どこも変わり映えのしない似たようなメニューを同じような価格で提供するので差別化ができていない業態だった。おまけに慢性的な人手不足により、居酒屋の生命線である接客技術が落ちる一方では、なくなっても仕方がない商売なのだ。
弱肉強食のことわり通りに弱い店から潰れていき、結果的に強い店、チェーンだけが生き残った。全体の店舗数が適正数まで減って落ち着いた感もあり、今では「古いタイプ」の居酒屋も含め、どこの店も賑わっている。まさに資本主義世界の体現だろう。
アパレル業界でユニクロに代表される新業態、SPAが猛威を振るって業態を淘汰したように、外食業界でも「弱い居酒屋」は淘汰された。
その時にユニクロ的活躍をしたのが、町中華チェーンであり、その代表の一角を占めるのが「日高屋」だろう。
夕方のちょい飲みに特化したつまみメニューと低単価のドリンクで、居酒屋客、特にソロ客を根こそぎ奪い去った感じがある。ただ、この日高屋がちょい飲み専門店をいくつか作って実験していたが、その「飲み屋専業」店舗は成功していない。面白いものだ。

砂肝の唐揚げを甘辛く味付けした物

結局、ちょい飲みの成功要因は、飲んだ後に締めに食べる一品(ラーメンだったり蕎麦だったりするが)を他の店ではなく自分の店で取り込めることに尽きるのではないか。酒だけ飲むよりもラーメン一杯分の単価が上がる。その逆も成立して、ラーメン店として考えてもつまみとビールの分だけ単価が上がる。つまり、二軒で消費する飲食物を、自店で完結させる旨みがある。ちょい飲み専門店がうまく行かないのは、この締めラーメン分の上乗せが効かないためだろう。
昭和・平成前期の居酒屋チェーンがほぼ全店退場した要因は、この町中華の二毛作ならぬ隣の客を収奪する業態転換だったようだ。ただ、同じようなことを指向した吉野家はちょい飲み路線を諦め、牛丼専門店から何でもありの定食屋路線に転向した。やはり企業としての風土や経営者の嗜好があるのだろう。

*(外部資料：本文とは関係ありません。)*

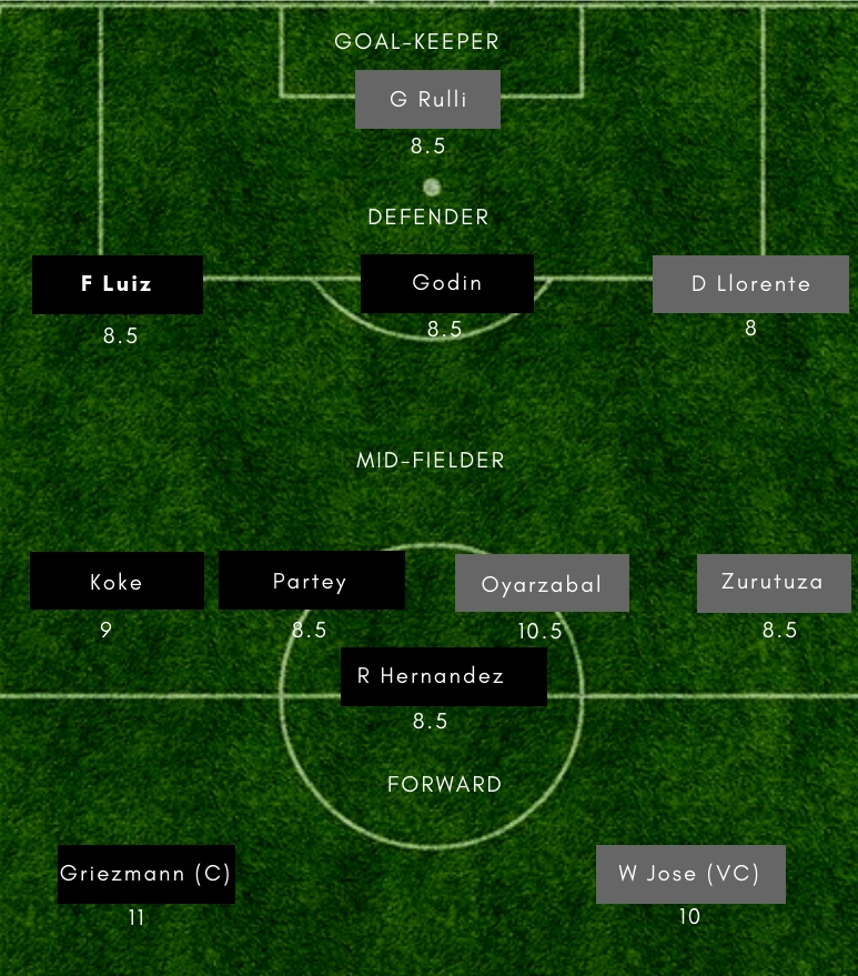 ATL vs RS Dream11 Playing 11 – (Probable) – Real Sociedad– Rulli (GK), Zaldua, Llorente, Navas, Hernandez; Zubeldia, Merino, Zurutuza; Juanmi, Willian Jose, Oyarzabal Atletico Madrid– Oblak (GK), Arias, Godin (c), Gimenez, Filipe Luis; Saul, Koke, Partey, Lemar; Griezmann; Morata

外食業界で令和の覇者はどの業態から生まれるのか興味津々ではあるのだが、業界の先輩たちが言っていた「大陸系中華ブランド」の侵略は概ね失敗のようで、エスニック系料理でも大規模チェーンは生まれていない。
個人的には、全く外食に関わりを持たなかったニトリが始めたように、業界素人の始める「特徴のないのが特徴の店」みたいなものがそのうち大当たりを出すのではないかと思っているのだが、ニトリはさっさと諦めてしまった。(外食は賢い経営者には向いていない事業なのかもしれない)
ファミレス大手が取り組んでいる異業態参入もどうなるだろうか。北九州のうどんを関東に持ってきて、第二の讃岐うどんチェーンのようになれるかと言うと、これまた疑問が大きい。(個人的な意見です)
ビジュアル的に派手な料理、スパイスを含めた強烈な味付け、ちょっと高いが日常遣いできないほどではない価格設定、そんな要件をそろえれば新しいコンセプト、業態が開発できそうな気もするのですけどね。